(Stored entries)
-*-

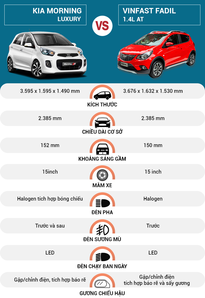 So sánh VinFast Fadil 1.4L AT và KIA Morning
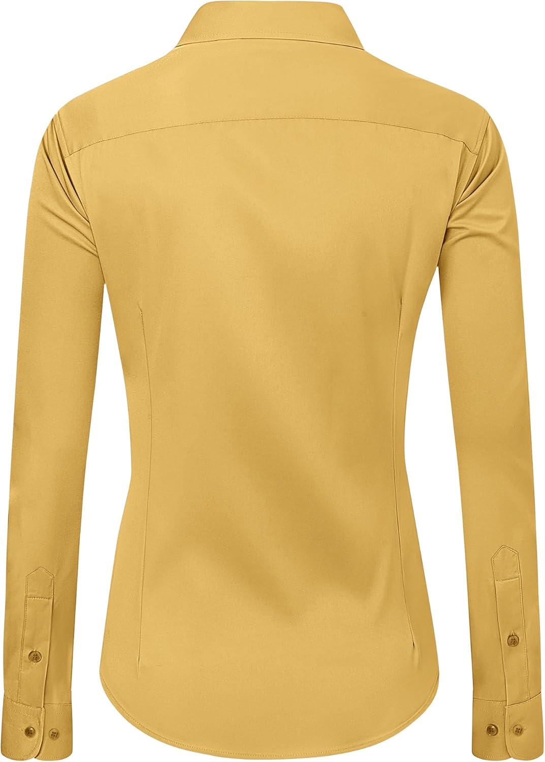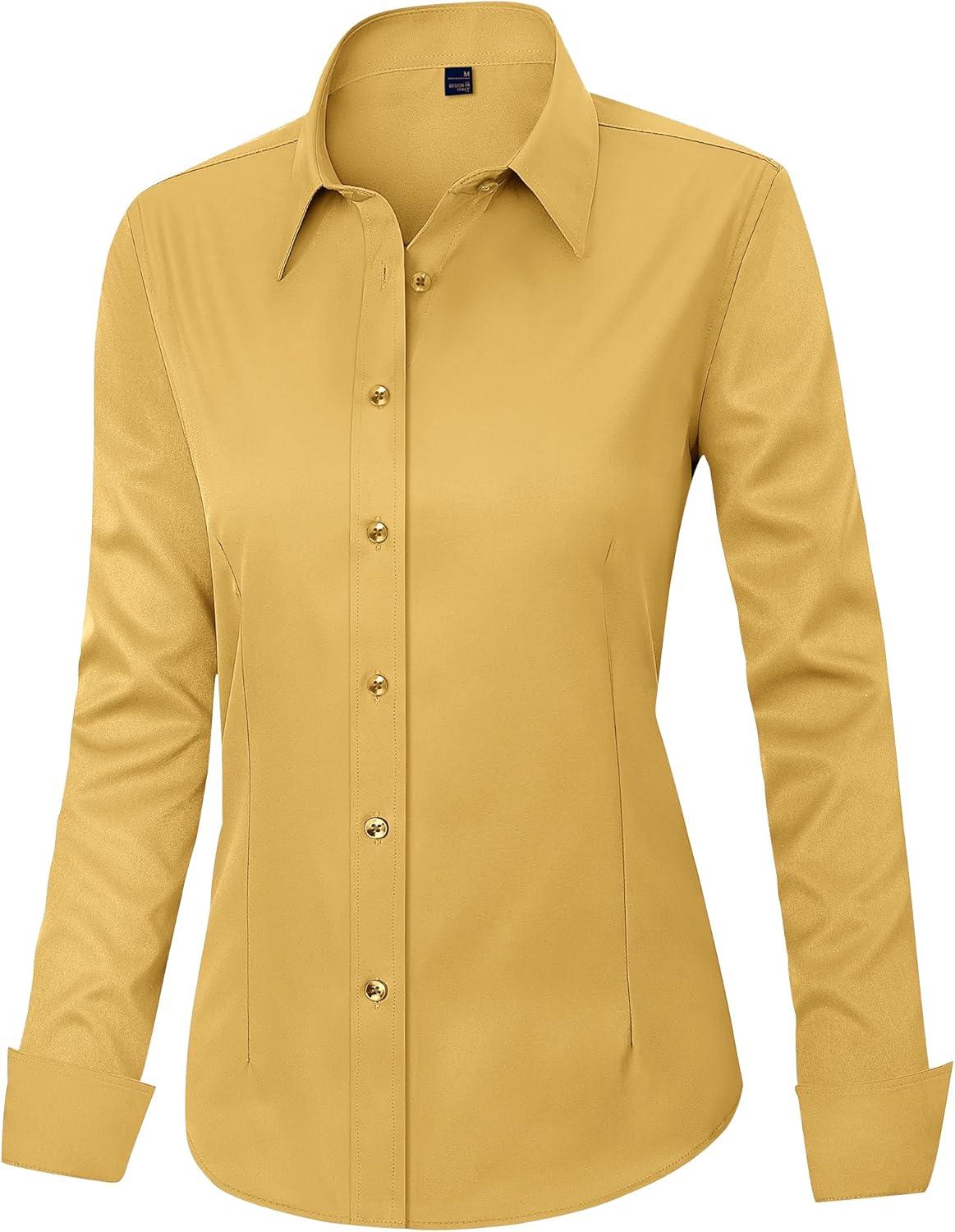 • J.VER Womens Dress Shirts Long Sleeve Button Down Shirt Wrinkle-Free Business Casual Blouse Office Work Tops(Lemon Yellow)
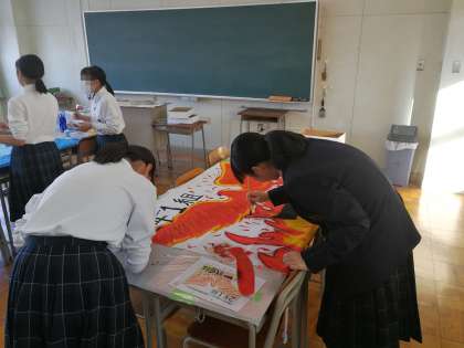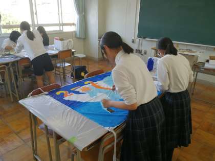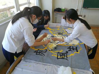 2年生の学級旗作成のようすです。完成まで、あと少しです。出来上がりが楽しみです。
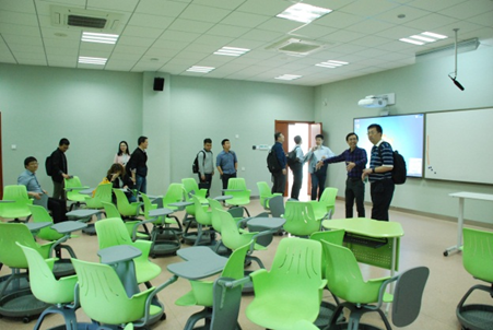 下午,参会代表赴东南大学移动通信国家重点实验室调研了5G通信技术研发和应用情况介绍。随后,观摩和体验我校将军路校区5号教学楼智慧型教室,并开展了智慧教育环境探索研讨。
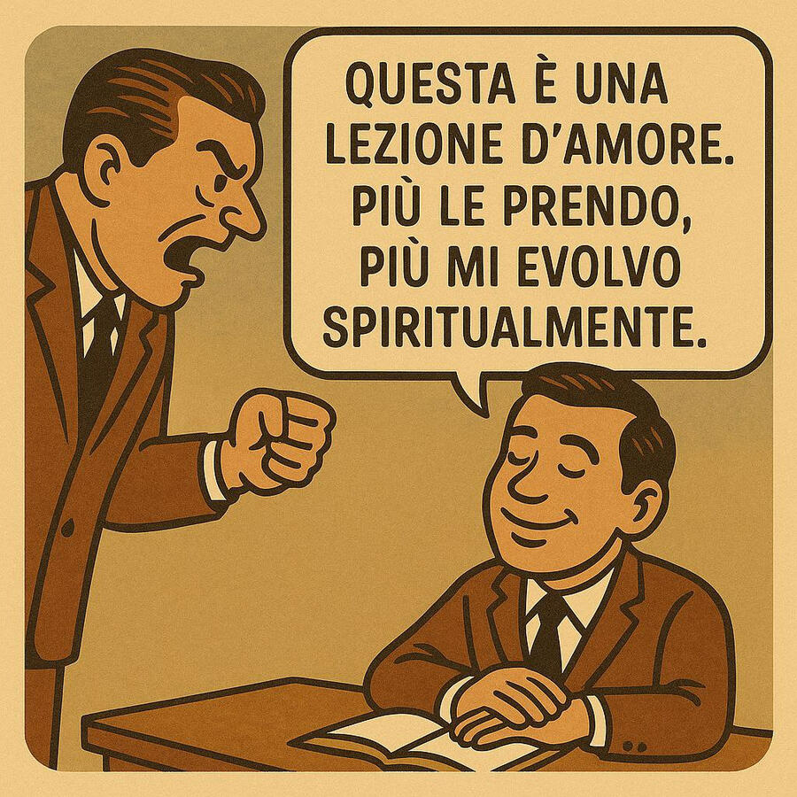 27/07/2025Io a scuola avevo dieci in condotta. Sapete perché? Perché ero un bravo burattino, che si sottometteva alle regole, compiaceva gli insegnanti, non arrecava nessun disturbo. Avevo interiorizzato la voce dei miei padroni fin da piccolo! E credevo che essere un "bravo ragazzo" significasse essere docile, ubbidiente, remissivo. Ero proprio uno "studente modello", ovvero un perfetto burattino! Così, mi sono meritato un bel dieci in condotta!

-*-

> [TASK TO COMPLETE]: Start at the line containing "Work Tops(Lemon Yellow)" above and stop at the line containing "下午,参会代表赴东南大学移动". Output those lines exactly, both included, but none of the pictures.

> [WRITTEN SOLUTION]:
 • J.VER Womens Dress Shirts Long Sleeve Button Down Shirt Wrinkle-Free Business Casual Blouse Office Work Tops(Lemon Yellow)
 2年生の学級旗作成のようすです。完成まで、あと少しです。出来上がりが楽しみです。
 下午,参会代表赴东南大学移动通信国家重点实验室调研了5G通信技术研发和应用情况介绍。随后,观摩和体验我校将军路校区5号教学楼智慧型教室,并开展了智慧教育环境探索研讨。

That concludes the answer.